I lean my head back against the seat and close my eyes. I could do something on my phone but I don’t really have any interest. Any friends that I had before are long gone so that takes care of both texting and social media. I don’t have the willpower to play games so that’s out too.
I jolt at knocking on the window, to find my mother glaring into the car at me. I must have fallen asleep for however long she was gone. Leaning across the seat again, I unlock her door and she climbs in, tossing a bag into the back seat and a paper prescription bag into my lap.
“Happy?” she snaps, and I remain silent. How she stays angry for so long is amazing to me. Just watching it is emotionally exhausting for me, so I don’t know how she lasts. Her brain must be loaded down with a plethora of Energizer batteries to keep going so long.

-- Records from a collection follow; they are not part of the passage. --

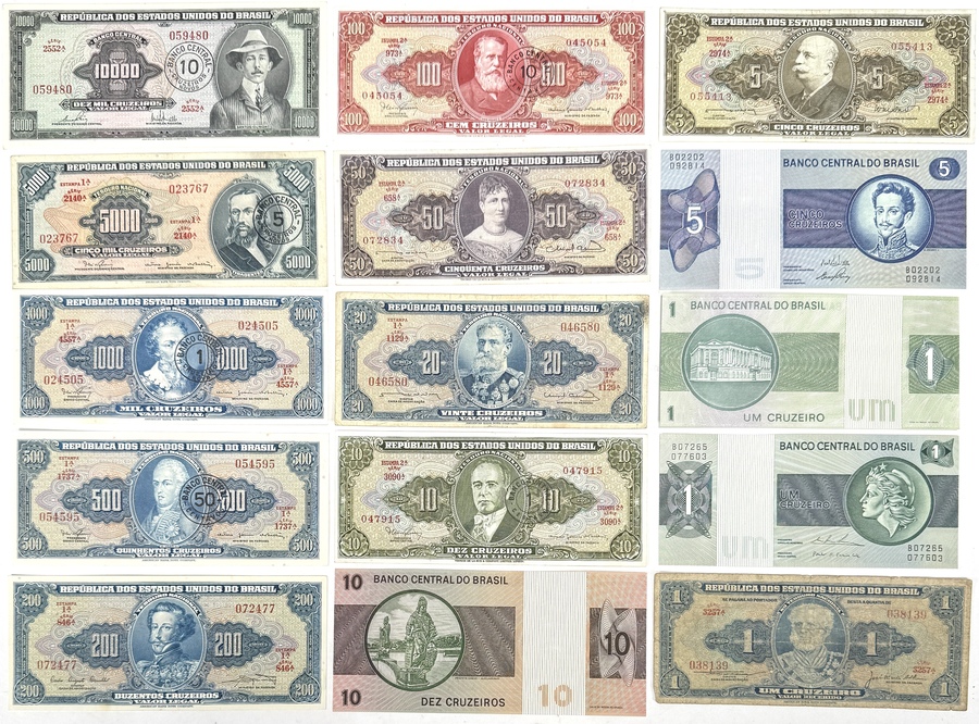 Verzameling van 15 Braziliaanse bankbiljetten uitgegeven door Banco Central do Brasil en República dos Estados Unidos do Brasil, midden tot eind 20e eeuw. Gedrukt op bankbiljetpapier met hoogdruk en diepdruktechniek. Inclusief coupures van 1 tot 10.000 cruzeiro's, met allegorische figuren, staatslieden, militaire scènes en architectuur. Voor- en achterzijden in beeld, diverse emissies en stijlen vertegenwoordigd.
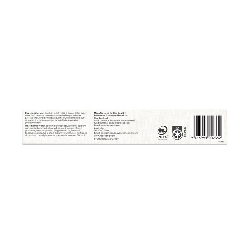 xylitol, xanthan gum, lauryl glucoside, Mentha piperita (Peppermint) oil, menthol, Eucalyptus globulus leaf oil, Illicium verum (Anise) fruit/seed oil, sodium cocoyl glutamate, stevioside, sea salt, Totarol.
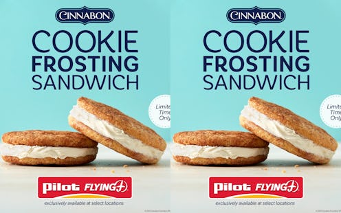 The Cinnabon Cookie Frosting Sandwich is available for a limited time exclusively at Pilot Flying J, so if you were planning a road trip, right the heck now is the time. Per a press release, the confection is "[m]ade with two snickerdoodle cookies infused with Cinnabon cinnamon roll flavor and rolled in cinnamon sugar," then "held together with Cinnabon’s signature cream cheese frosting filling." As someone who is also held together with Cinnabon's signature cream cheese frosting filling, I am honored to at last feel seen and represented by a chain restaurant's dessert.
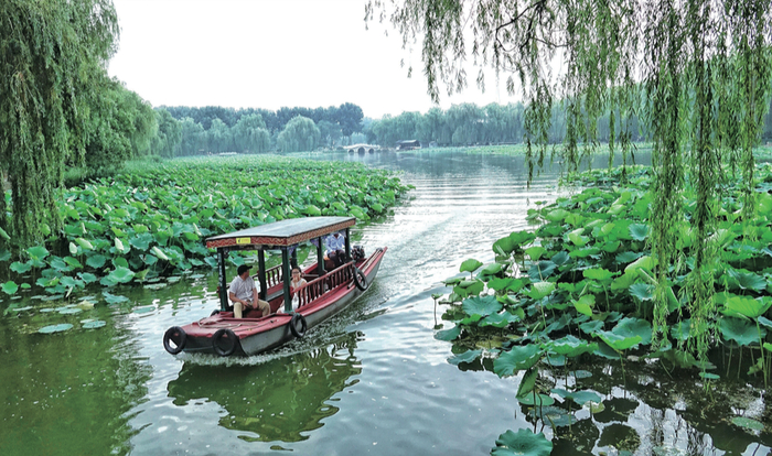 游客在北京圆明园遗址公园乘船赏荷(李欣 / 摄 )
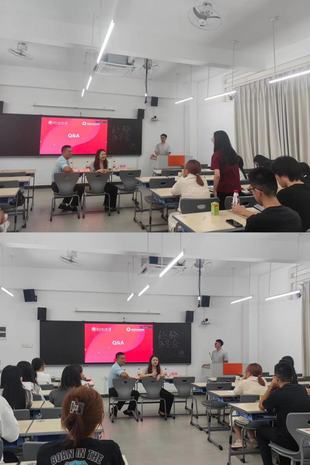 在Q&A环节,同学们踊跃举手提问,谢秋阳员工耐心地从校园经历对就业的影响、本科阶段的实习建议等角度对同学们的问题进行了一一解答。
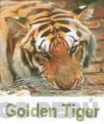 El logotipo conformado por la denominación GOLDEN TIGER escrita en letras características, acompañada por la figura de un tigre, todo sobre un fondo de una pared de ladrillos y una franja en la parte inferior y en la combinación de colores verde, negro, beige, anaranjado, marrón y blanco; conforme al modelo adjunto
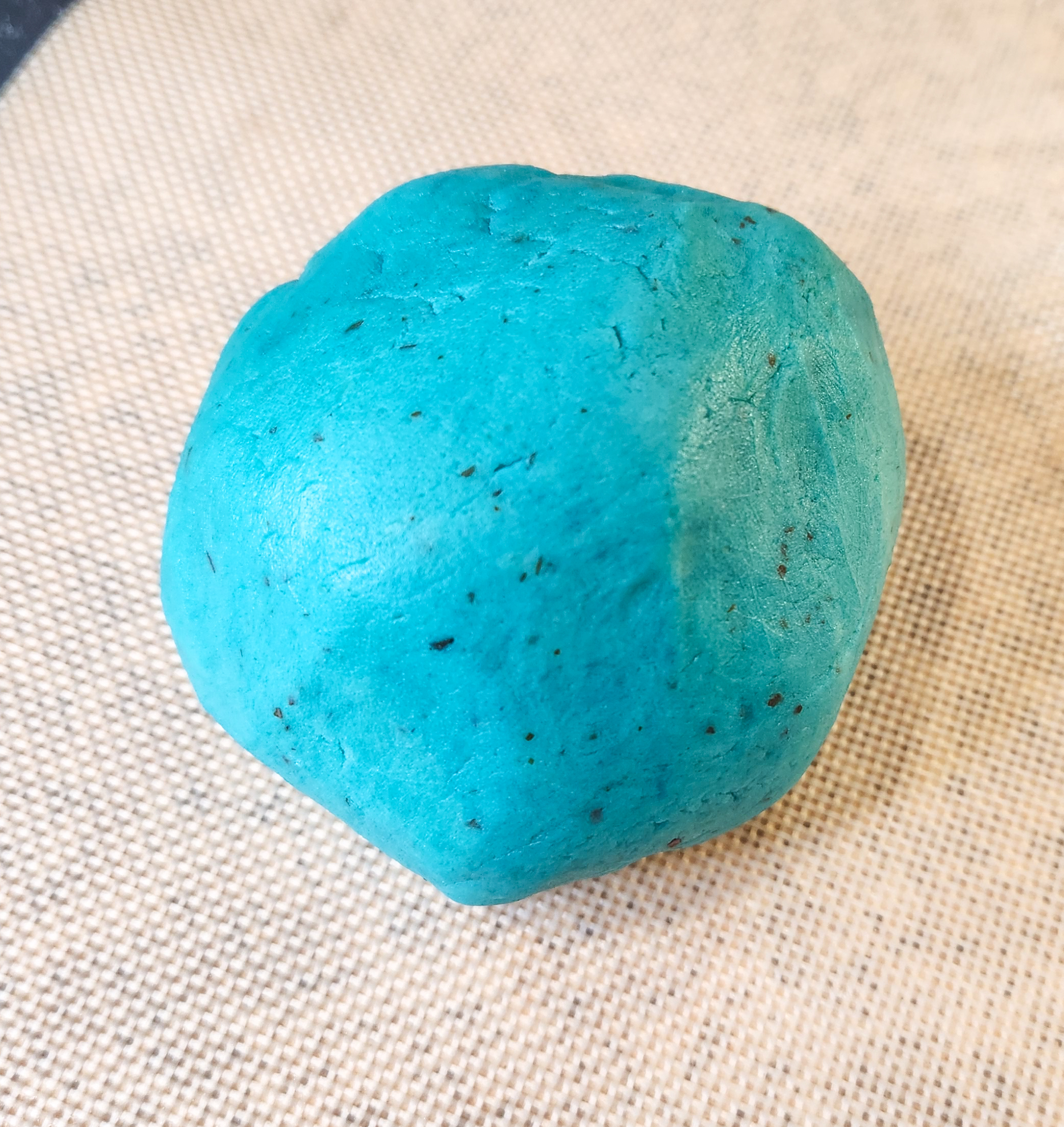 If you’re coloring this dough make sure you are using gel food colors as liquid affects consistency too much. I use a knife or toothpicks to add the color to my dough and knead it by hand. Remember to start with just a little color – you can always add more, but you can’t take it out! I love this teal color. With the almond flecks it looks like a robin’s egg.😊
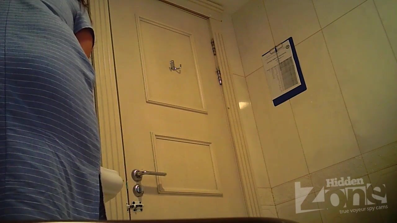 A tanned brunette in black panties was peeing while standing. View from one camera. Our spy camera caught a close-up of her shaved pussy. A great model for filming a hidden camera in the toilet.
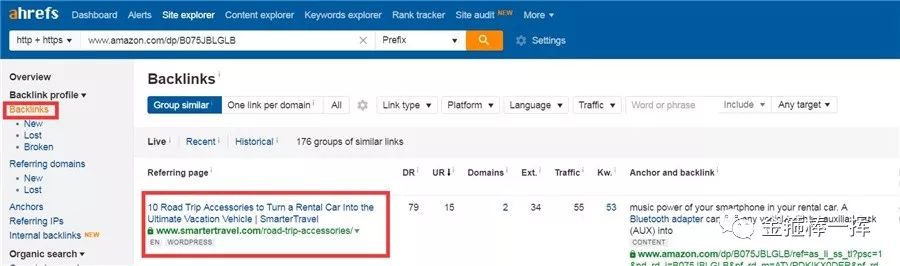 链接格式https://www.amazon.com/dp/B075JBLGLB放在ahrefs看一下外链情况
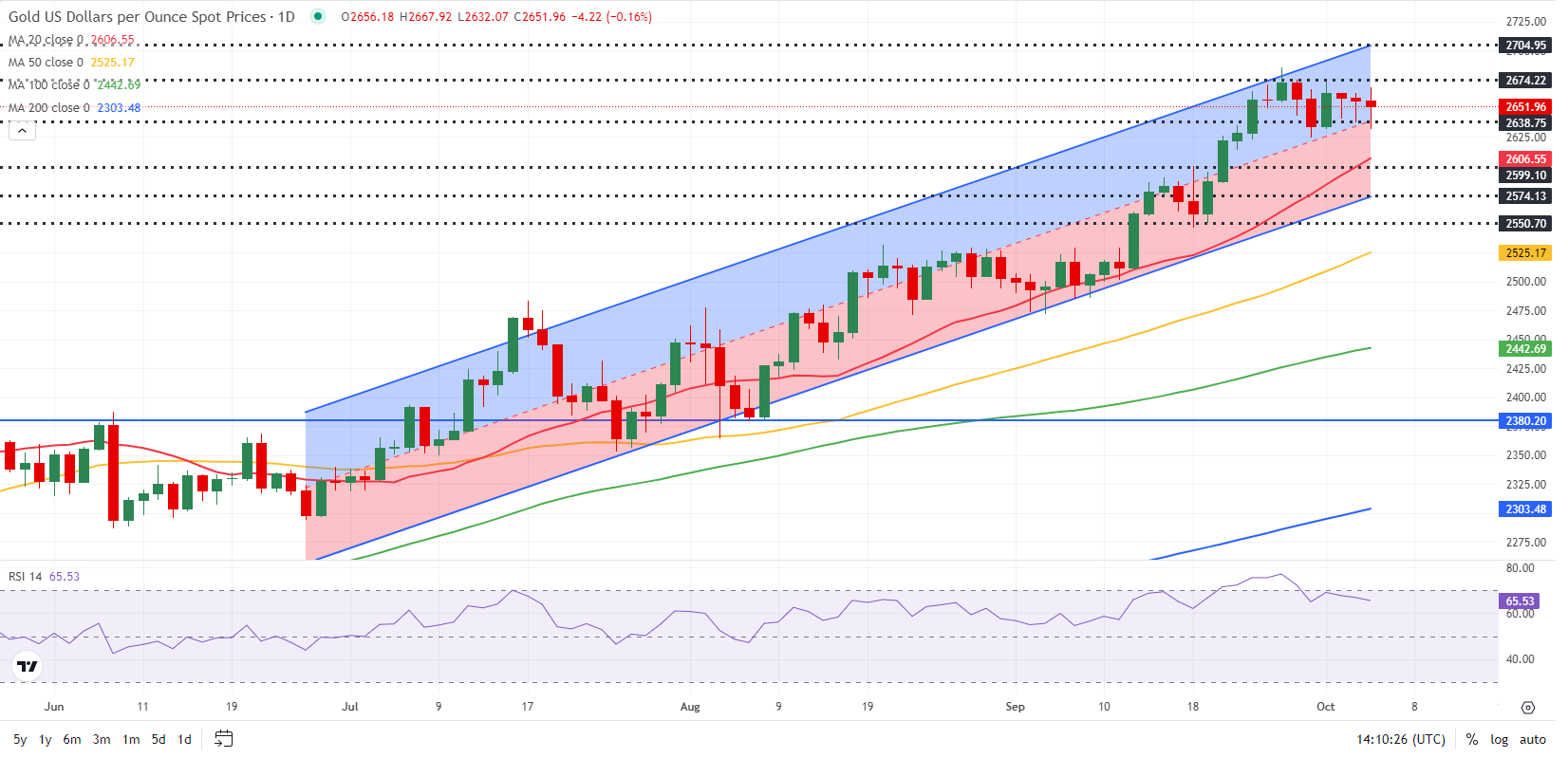 周一(10月7日)亚市早盘,现货黄金震荡微跌,目前金价位于2649美元/盎司附近。FXStreet分析师Eren Sengezer撰文,对金价本周走势进行预测和分析。 Sengezer指出,上周,由于美元的强势抵消对黄金日益增长的避险需求,金价难以在任何一个方向上做出决定性的变动。围绕中东冲突和美国通胀数据的事态发展可能会推动金价本周的走势。 ![]() 上周五(10月4日),受美国非农就业报告和地缘政治局势影响,黄金市场出现极为剧烈的波动。美国劳工部上周五报告称,美国9月新增非农就业人数总数为25.4万,高于8月份修正后的15.9万人,也好于市场预期的15万人。9月失业率环比下降0.1%,降至4.1%。市场预计失业率将稳定在4.2%。 强劲的非农报告出炉后,金价一度暴跌至2631.92美元/盎司。但随后金价自低点大幅反弹,最高触及2670.22美元/盎司。截至上周五收盘,现货黄金收报2653.26美元/盎司,日内仅微跌0.1%。 分析师指出,地缘政治紧张局势限制投资者出售黄金的意愿。 当地时间10月4日,一名美国国务院高级官员表示,以色列方面并未向拜登政府保证不会针对伊朗核设施进行报复性打击。 以色列和伊朗从未如此接近于在席卷中东的战争中开辟一条新的、危险得多的战线。 美联储会议纪要和美国CPI数据恐点燃本周行情 Sengezer称,本周上半周,美国经济将不会发布任何重要的宏观经济数据。周三,美联储将公布9月份政策会议的纪要。 Sengezer指出,投资者将密切关注围绕将政策利率下调50个基点的讨论。如果美联储纪要显示,政策制定者倾向于将大幅降息作为逐步放宽政策的第一步,而不是作为对劳动力市场日益冷却的迹象的回应,那么直接的反应可能会提振美元。芝加哥商品交易所集团(CME Group)的“美联储观察工具”显示,市场仍认为美联储在11月的下一次政策会议上选择再降息50个基点的可能性超过30%,这表明如果投资者倾向于认为美联储会降息25个基点,美元还有更大的上行空间。 另一方面,如果会议纪要反映出决策者在数据显示经济衰退或劳动力市场前景恶化的情况下,对进一步大幅降息持开放态度,美元可能会承受压力,并推动黄金上涨。 周四,美国劳工统计局将公布9月份消费者物价指数(CPI)数据。核心CPI环比数据可能引发黄金的反应。该数据不包括波动性较大的商品价格,且没有受到基数效应的扭曲。市场预计,继8月份0.3%的涨幅之后,9月份核心CPI环比将上涨0.2%。Sengezer指出,如果读数为0.2%或更低,可能会对美元造成压力。而0.5%或更高的涨幅可能会导致投资者怀疑反通胀过程,并提振美元,导致金价转向下行。 Sengezer表示,市场参与者还将密切关注来自中东的头条新闻。如果以色列对伊朗进行报复,而伊朗不后退一步,导致危机加深,黄金可能会继续受益于避险需求。 黄金在政治动荡时期被用作避险投资。部分归因于避险买盘,黄金价格近期触及历史新高2685.42美元/盎司。 黄金本周技术前景 Sengezer称,日线图上的相对强弱指数(RSI)小幅回落至70下方,反映出卖家不愿押注黄金将持续下跌。在下行方面,从6月底开始的上行通道的中点在2640美元/盎司形成第一个支撑位。 如果金价失守上述水平,下一个支撑位可能在2605-2600美元/盎司(20日简单移动平均线,静态水平),接下来是2575美元/盎司(上升通道的下沿)。 ![]() (现货黄金日线图 ) 上行方面,金价短期阻力似乎在2675美元/盎司(静态水平)形成,若突破该障碍,金价接下来的阻力在2700-2705美元/盎司(整数关口,上升通道的上沿)。 北京时间09:30,现货黄金报2649.51美元/盎司。 |
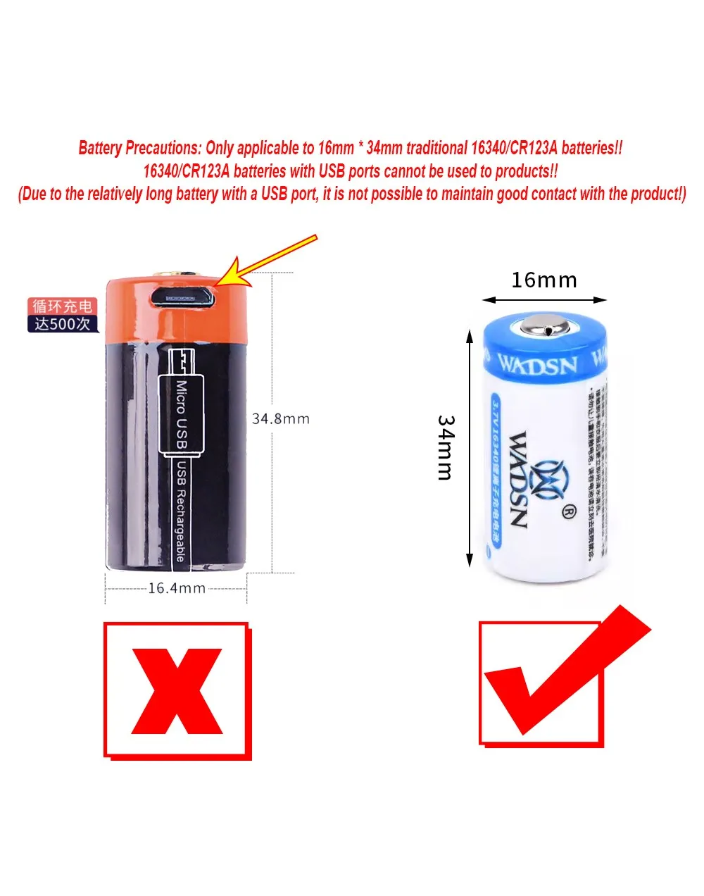 Linterna M600: Batería de 2*3,7 V 16340 o batería de 2*3,7 V CR123A
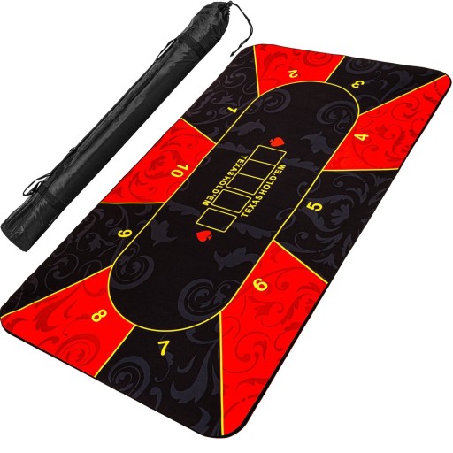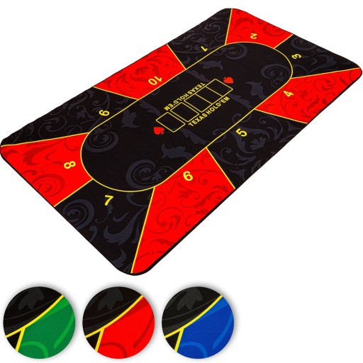 Różni gracze mają różne wymagania i gusty dotyczące stołów pokerowych oraz mat. A co spełni Twoje oczekiwania? Są trzy podstawowe rodzaje stołów dostępnych na rynku a Ty powinieneś wybrać najbardziej odpowiednią opcję kierując się jakością, ceną oraz ilością przestrzeni, jaką dysponujesz w domu. Matę do pokera można zwinąć, aby zaoszczędzić miejsce jak również łatwo ją zabrać w dowolne miejsce dzięki dołączonej torbie. Każdy stół w domu o odpowiednich wymiarach można łatwo przekształcić w prawdziwy stół do pokera. Praktyczna torba z zamkiem błyskawicznym na zwiniętą matę GRATIS !!!

I take hold of the bag and it crinkles lightly under my grip. The name on it is mine, prescribed specifically for me, so surely taking them is the right choice. Right? I run my fingers over the prescription info. Lexapro. The name alone gives me pause. Will these really help anything?
I’ve already talked mom into getting them, but I’m more unsure of myself at this moment than I’ve been since the incident. Surely Carol knows better than me on all this, seeing as she is the shrink and I’m just a broken girl, somewhat wanting to be fixed, somewhat wanting to remain broken. Clearly, my own judgment on this can’t be trusted.